I’ve written elsewhere (https://se9book.wordpress.com/2010/04/30/designing-for-failure/) about my Mac mail problems and this got me thinking about how folks who aren’t computer experts cope. When things go wrong, it’s OK for people like me who are software professionals and understand words like ‘cache’ and ‘reboot’. But what about ordinary people who don’t know and don’t care about how software is organised and who are constantly baffled by the fact that their computers behave in idiosyncratic ways. How do they cope – expensive helplines or helpful friends and relatives I guess? Or do they just put up with things and think that this is how it has to be?
Really, as software engineers, we have to do better, It’s not just about making our software more dependable but also thinking about how we communicate with the users of our systems and help them when things go wrong.
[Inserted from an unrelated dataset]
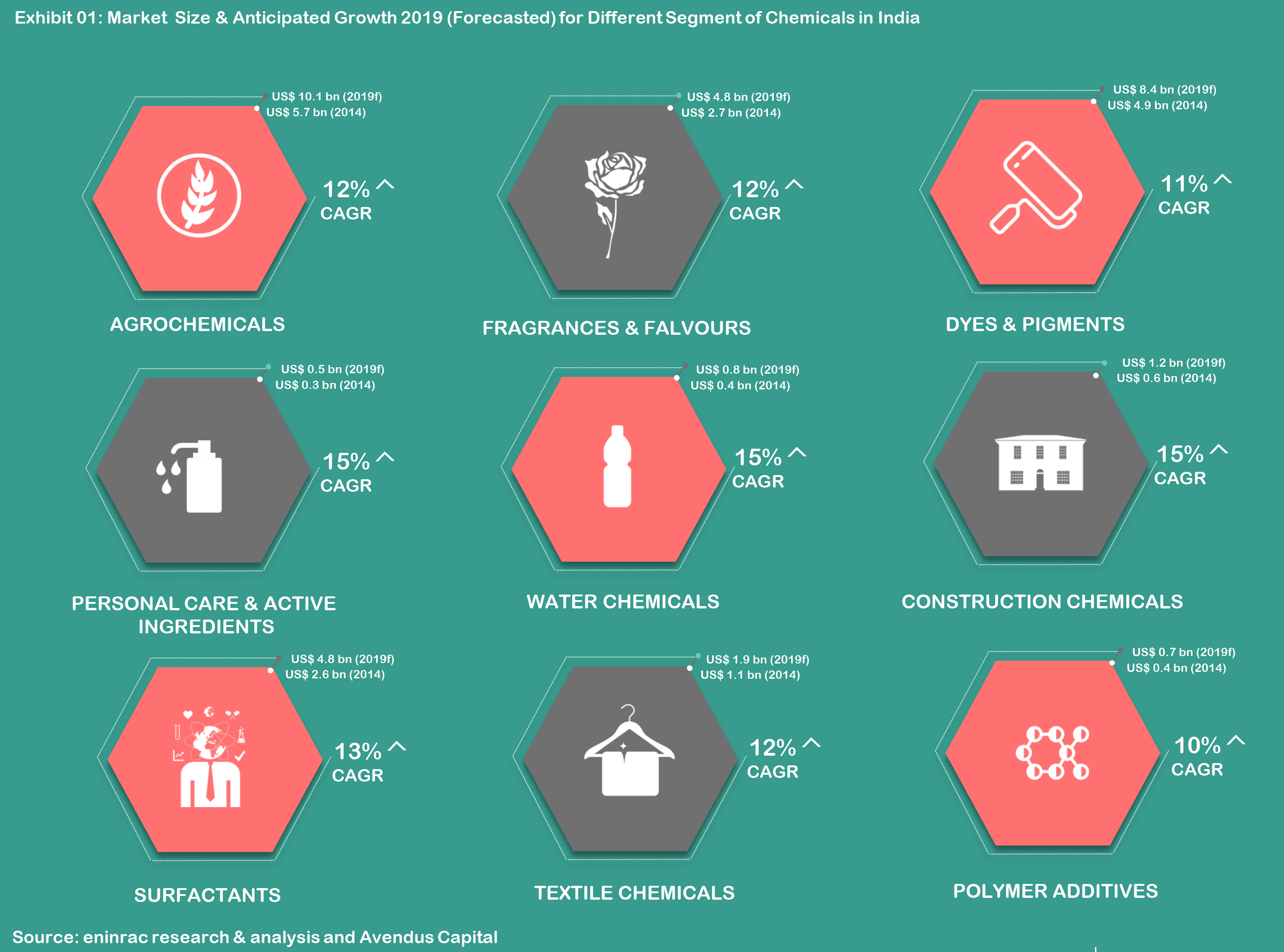 India with its economic growth projections at a similar levels to the beginning of century i.e. 2000’s the demand for chemical industry shall be good enough to attract eye balls from across the globe. With A-PAC being the region attracting maximum growth scale opportunity and the relative stability in the oil prices touted as main driver shall see the countries under the positive growth margins. Given, the mature market conditions of China, India shall be the growth market rendering opportunities to the players involved in the chemical value chain extending from agrochemicals, speciality chemicals and petrochemicals at the same time.

Software is now so complex that, for sure, it’s sometimes going to go wrong. Most software systems don’t accept this and make it harder than it should be to detect and fix problems. Take my experience today with Mac Mail. This is an email client that picks up mail from one or more servers. Mine is configured to access 4 separate accounts. This morning, it connected to 3 of them with no problem but when trying to connect to the 4th (the main account) it simply hung and the connecting icon kept spinning.
This being an Exchange server I immediately dismissed it as a server problem and got on with something else. I tried again and was surprised it didn’t work because our sys admins are usually quite quick at rebooting the Exchange server (lots of practice!). So, I connected with another machine and that was absolutely fine. I asked for suggestions – none were forthcoming – so I tried periodically throughout the morning with no success. Then I noticed that my incremental backup was trying to back up 40GB – and I certainly hadn’t created anything like that since last night.
Then problem number 2. Time Machine on the Mac doesn’t tell you what it has backed up or is trying to back up. Into Google, found a utility that does this, installed it and discovered this was a file in the Mail library called Recovered Mail, which was huge. Google again and discovered my problem was known and the Recovered Mail had to be deleted along with the offline cache. Into Terminal, deleted these and all was well.
What I found annoying was that it would have been so easy to design the systems differently so that the problems could have been diagnosed and fixed in 2 minutes instead of several hours. If Mail had actually kept a log that could be examined, then I could have easily found out what t was trying to do. And, if it published the files it used and where they were installed, that would also have been helpful. Even better, if Mail had tried to create a very large file then asked me if I really wanted to do this, I would have picked up the problem immediately. If Time Machine had an elementary interface that showed what it was backing up, that would also have helped.
So, if you are designing software, think about what happens when it goes wrong. Don’t assume your users are stupid and provide ways to make the state of the system visible. When you create files – ask the user if these are exceptionally large and make sure that users can delete them. Don’t use ‘invisible’ files. And use timeouts – if something takes 50 times longer than normal, it really isn’t right.
It’s fairly clear that the Toyota Prius braking system problems are software related and to do with the interaction between the ABS and the regenerative system that recovers energy from braking. Whether this was a software fault or a specification fault isn’t clear but it reveals that when we add complexity to a system, we are likely to run into problems. Toyota are being rightly criticised for this (and, for sure, they have handled the problem badly) but they are being innovative and an inevitable part of the price of innovation is that problems will occur.
We need to remember this if and when we are tempted to be judgemental about software faults.